Одевая ее, Кристина смотрела на собственное чадо — растрепанные черные волосики, чуть припухшие со сна голубые глазенки — прелесть, а не ребенок! Только вот как отнесется Ив к тому, что у нее есть Сонька?
От этих навязчивых мыслей было только одно спасение — работа, и отправив дочку, Кристина побежала на стоянку к своей машине. Ее ждал славный город Захолмск и его обитатели.
* * *
Как выяснилось, Наташа жила в старинной коммуналке. Дверь Кристине открыл какой-то бритоголовый мальчик тифозного вида и, не спросив ни слова, тут же исчез.
Темная прихожая, освещенная бледно-синей лампочкой, была завалена старой мебелью, зимними пальто и стоптанной обувью. Откуда-то из недр квартиры доносилась страстная перебранка двух женщин.
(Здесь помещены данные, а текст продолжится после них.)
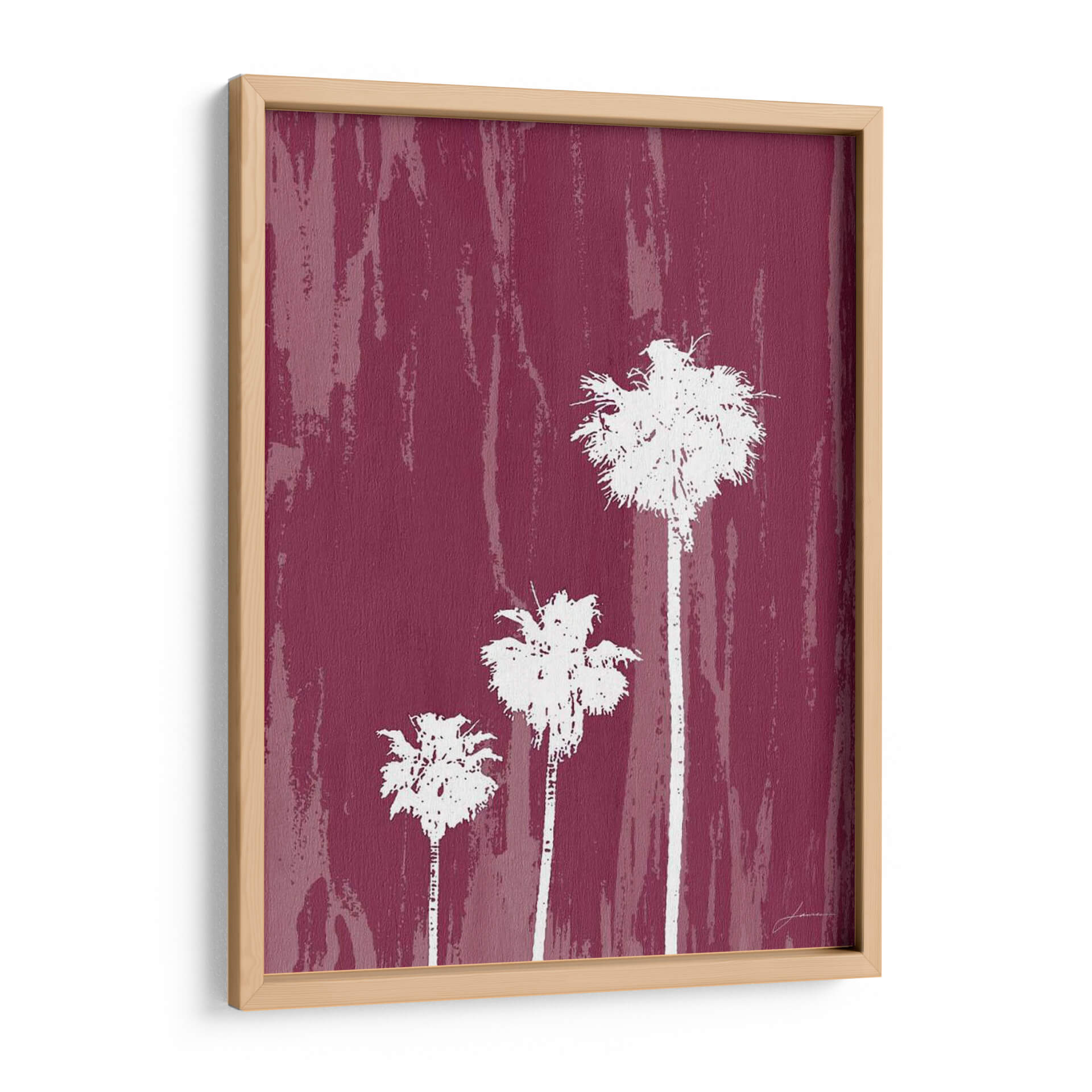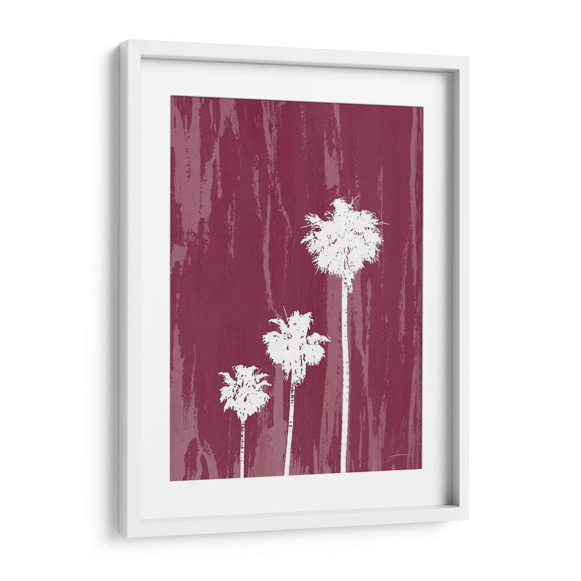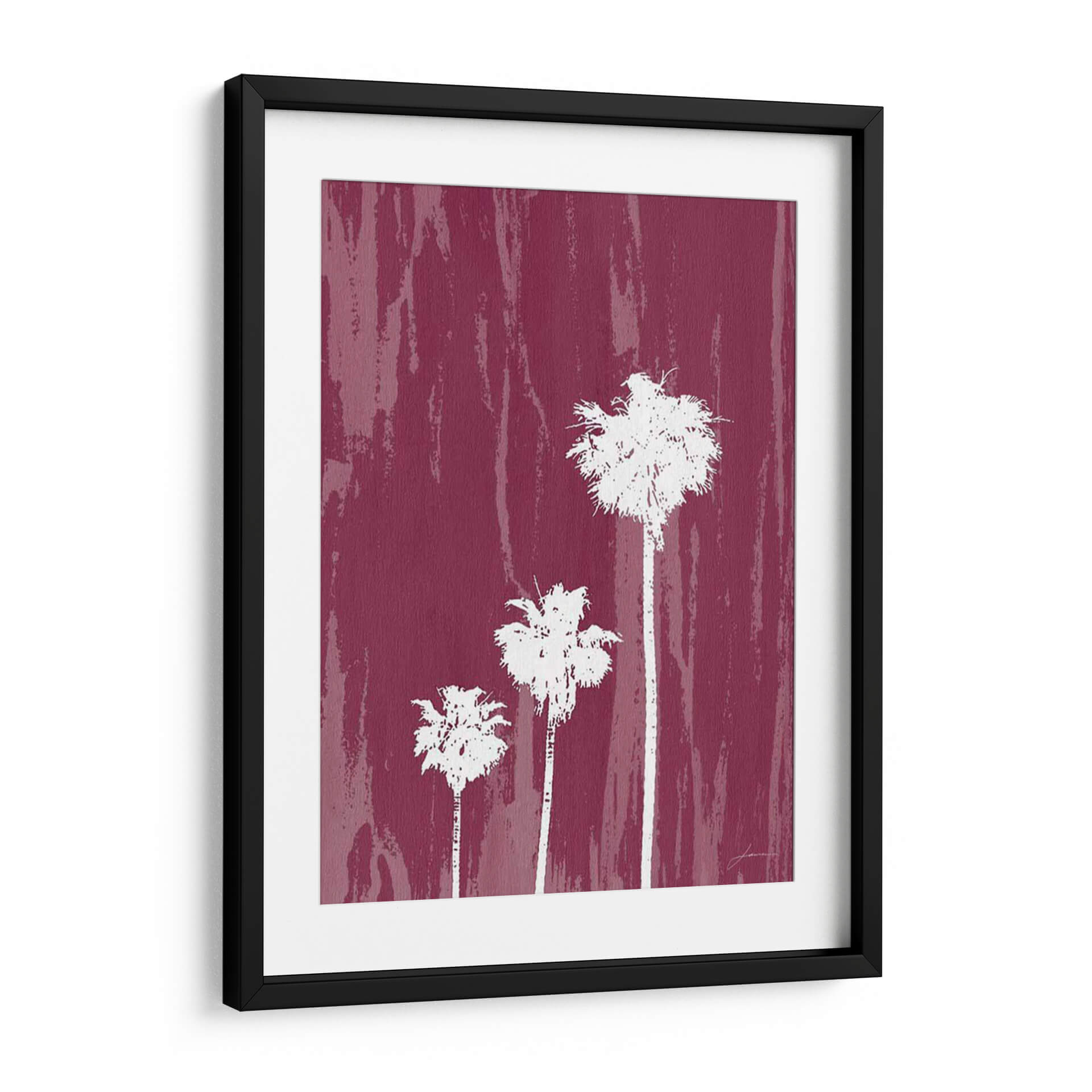 Sumérgete en la serenidad tropical con "Oasis I", una cautivadora obra de arte digital del artista James Burghardt. Este cuadro decorativo presenta una composición estilizada de tres palmeras blancas recortadas sobre un vibrante fondo texturizado en tonos burdeos y malva. Las siluetas nítidas de las palmeras contrastan delicadamente con las pinceladas verticales y desgastadas del fondo, creando una sensación de profundidad y dinamismo.
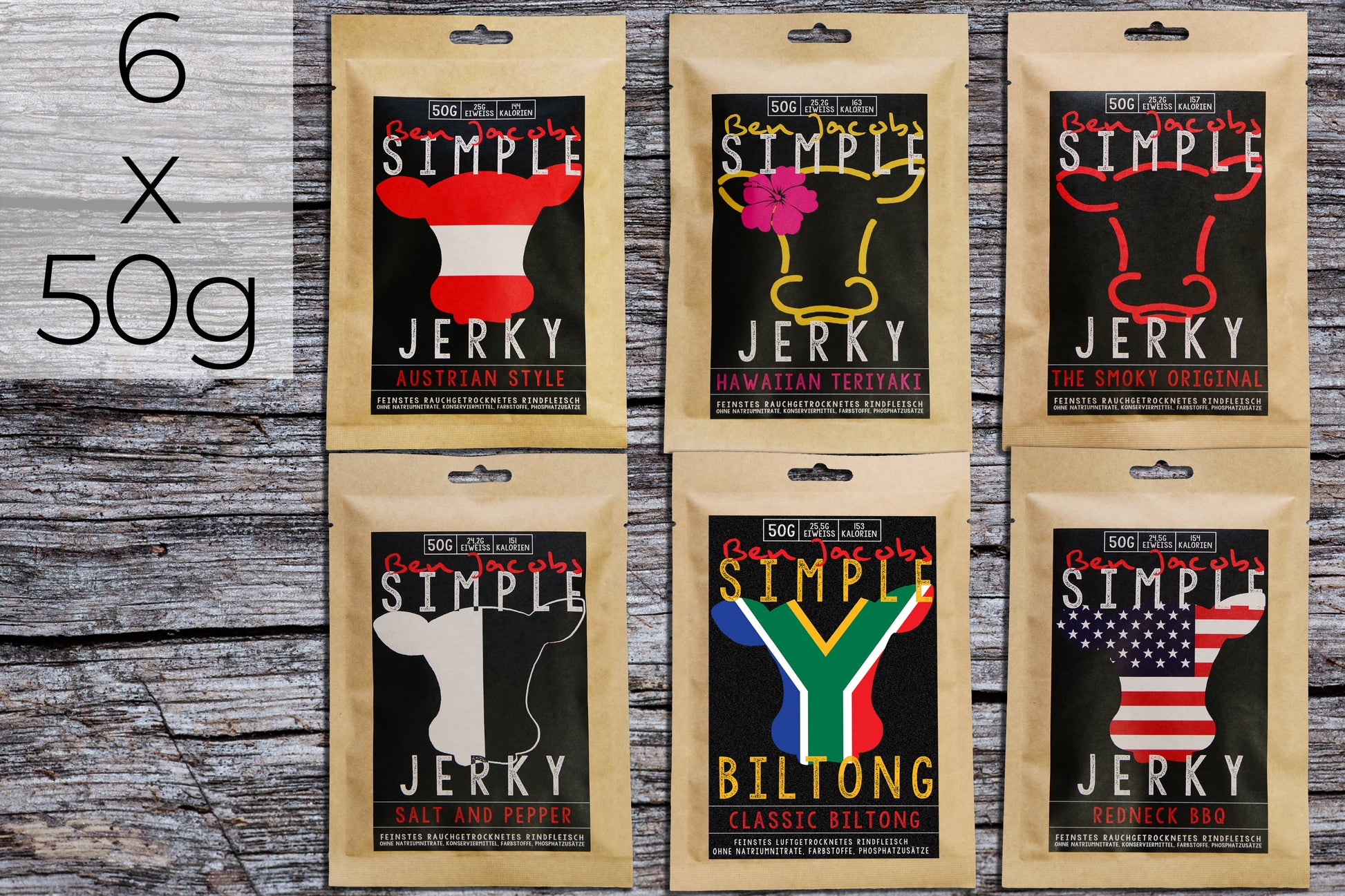 Unsere Sample Box enthält alle köstlichen Beef Jerky Zubereitungen sowie unser klassisches Biltong in einer Bestellung! Die Sample Box ist nicht nur perfekt zum Durchprobieren, sondern auch das ideale Geschenk für jeden Beef Jerky-Liebhaber - mehr Jerky-Genuss geht nicht!
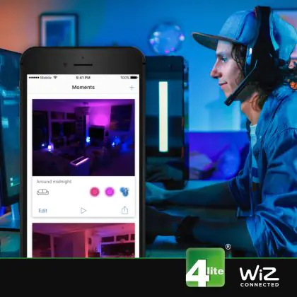 Da diese WiZ Smart Lampe über Wi-Fi funktioniert, benötigen Sie keinen externen Hub, um die Beleuchtung zu steuern. Sie müssen lediglich die WiZ App auf Ihrem Smartphone oder Tablet installieren. Die App ist im Google Play Store oder und im Apple Store verfügbar. Sobald Sie die Lampe angeschlossen haben, können Sie die Beleuchtung direkt per App oder Sprachfunktion jederzeit anpassen.

«Мама, куда я попала?» — в брезгливом ужасе подумала Кристина. Но отступать было поздно, и, стараясь не врезаться в чьи-нибудь лыжи или велосипеды, она пошла на голоса.
В кухне стирали, отчего в воздухе носились запахи хозяйственного мыла и уксуса. Две женщины с базарной внешностью стояли друг перед другом в бойцовских позах и, по всей видимости, готовились к драке.
— Здравствуйте! — кашлянув в кулак, произнесла Кристина.
Тетки оглянулись. Под их подозрительными взглядами она сразу почувствовала себя крайне неуютно.
— Как бы мне найти Наташу? Она ведь, кажется, здесь живет?
— А ты кто? — подозрительно спросила одна из местных обитательниц.
— Да это же телевидение! — вдруг воскликнула ее соседка, признав в Кристине известную ведущую.
Все-таки слава — штука полезная. Моментально позабыв о ссоре, женщины заговорили враз, стараясь перекричать друг друга:
— Так вам Наташку? Да ее ж так и не выпустили из психушки! Все хозяйство запущено. А Костька, черт полосатый, тоже совсем спятил: к Клавке стал таскаться!
— Погодите-погодите! — взмолилась Кристина. — Кто такой Костька?
Оказалось, что Костька — это Наташин супруг, сильно пьющий мужчина без определенного рода занятий. Пока Наташи не было, над ним взяла шефство соседка Клава, проживающая в квартире сверху. Она носилась с ним по кодировщикам, кормила его, обстирывала и гоняла нехороших друганов. За это Константин создавал в ее доме образ мужчины.
— А можно с ним поговорить? — спросила Кристина, прерывая на середине историю местных взаимоотношений.
— Да он, чай, у Клавки сидит, ирод! — закричали тетки. — Пойдите и снимите его, паразита! Пусть он на свою свинскую харю хоть в телевизоре посмотрит и поймет, до чего допился!
… Дверь в Клавину квартиру вообще было открыта. Постучавшись для приличия, Кристина вошла внутрь.
В комнате, выкрашенной ядовитой желтой краской, сидела дама необъятной комплекции с тремя бигуди в фиолетовых волосах. Это и была разлучница Клава.
Перед ней на коленях стоял тощий-претощий лысый мужичонка в сползших штанах, из-под которых виднелся край полосатых трусов.
— Да вот тебе крест — все на хлебушек извел! Ни копейки себе не взял! — божился Костя, истово крестясь.
Кристина судорожно передохнула. Оказывается, то, что она видела в предыдущей квартире, было еще не самым страшным.